I rarely prepare a meal without a phone call (or two, or more) to my mom to make sure I have the proper ingredients, or the right kind of pan, or to see if I set the oven to the proper temperature.

My mom’s a really talented cook. She has a number of amazing dishes, including her chicken parmigiana. Christmas Eve isn’t Christmas Eve without her homemade pizza. I used to think she could open a shop just to sell that pizza. I’m most impressed by the fact that cooking for my mom is more about feel than it is about following a recipe. She has a number of well-worn cookbooks, but whenever she’s helping me over the phone she’s telling me about what she has learned from her experiences rather than a list of directions.

The same is true for the kind of parent my mom is to me and my two siblings.

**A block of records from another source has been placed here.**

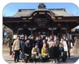
ボランティアサロン 妻沼聖天山

*「じょいんと」とは…知的障がいのある皆さんとボランティア体験のふれあいの集いです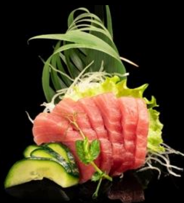
69 SASHIMI DI TONNO 6pz: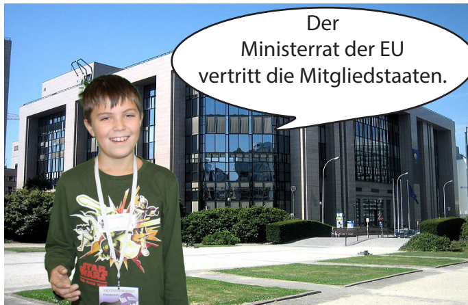
Im Ministerrat der EU treffen sich die jeweiligen Minister und Ministerinnen.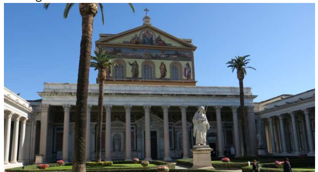
Sankt Paul vor den Mauern

Bei einem ganztägigen Ausflug werden Sie heute die wichtigsten Pilgerstationen der Ewigen Stadt kennen lernen. Zu Beginn fahren Sie zum Park an der Via Appia Antica. Ziel ist die Kirche Sankt Sebastian vor den Mauern , eine „Basilica minor“, die zu den sieben Pilgerkirchen Roms gehört. Die Kirche liegt direkt über dem Komplex der Sebastianskatakomben , die Sie anschließend besichtigen.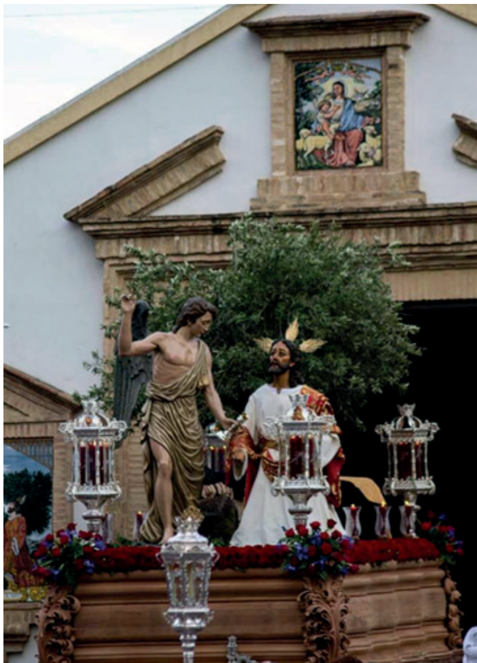
Nuestro Padre Jesús en su Agonía en el Huerto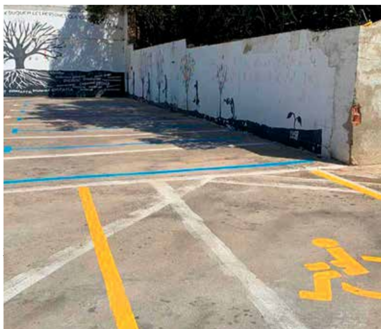
Modificació de zona blava a l'aparcament de l'Escorxador. > CEDIDA

Aquest passat 1 de setembre van entrar en vigor dues modificacions pel que fa a zones d'aparcament del municipi. D'una banda, s'han suprimit 11 places de la zona blava de l'avinguda Josep Fontcuberta (concretament, 7 en el tram comprès entre els carrers de l'Estació i de Pau Cuscó i 4 en el tram comprès entre els carrers de Francesc Macià i de Velázquez) i, d'altra banda, s'han implantat a la part baixa de l'aparcament de l'Escorxador, que fins ara estava regulat amb disc horari. Les tasques de repintat de les places, la modificació de la senyalització vertical i la reubicació del parquímetre s'han dut a terme durant l'agost. Durant els primers 15 dies els agents de mobilitat informaran de la nova regulació i resoldran qualsevol dubte relacionat amb l'aparcament sense imposar sancions.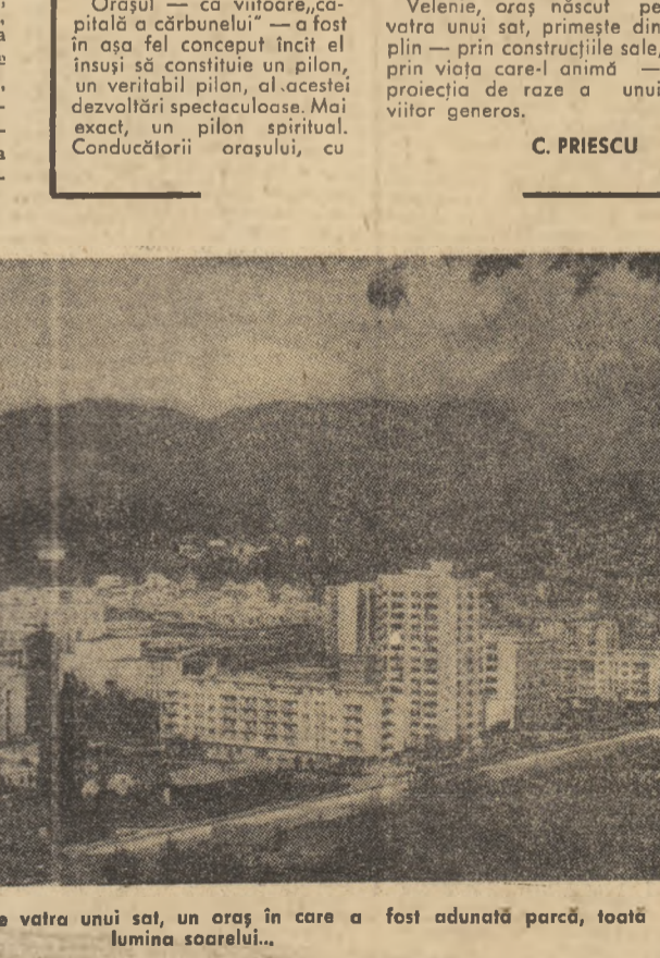
„Velenie, un oraș născut pe vatra unui sat, un oraș în care a fost adunată parcă, toată lumina soarelui...”

As I raise three of my own children, I find that sometimes you have to veer away from the printed advice and rely on what you know. And what I know comes from my mom.

It’s hard for me, on days when I want some time to myself and I’m feeling a little selfish around my kids, to think back to how selfless my mom was with the three of us when we were growing up. I’m sure there were bad days for her. There had to be days when she wanted some time for herself. But, if they existed at all, those days were few and far between. She was always “on,” chauffeuring us from activity to activity or doing countless loads of laundry or giving us exactly what we needed. (Even when we were surly teens unwilling to express exactly what we needed, and she was forced to add “mind reader” to her considerable list of talents.)

I have the typical parent-child interactions with my kids now, and I sometimes think, “I probably deserve this based on the kind of kid I was.” But more often, after I’ve gone through something with one of my children, I think, “I should have handled that better. Like Mom would have.” I often find myself reflecting upon just how good a mom she was and is—and how “grandma” is a role she was born to play. She sets a high standard…and not just when it comes to cooking.

I think if you left me in a room with some eggs, bread crumbs, cheese, sauce and chicken, I’d figure out how to make some chicken parmigiana.

But I sure am glad I’ve had my mom to help guide me towards a product that’s even a fraction as good as hers.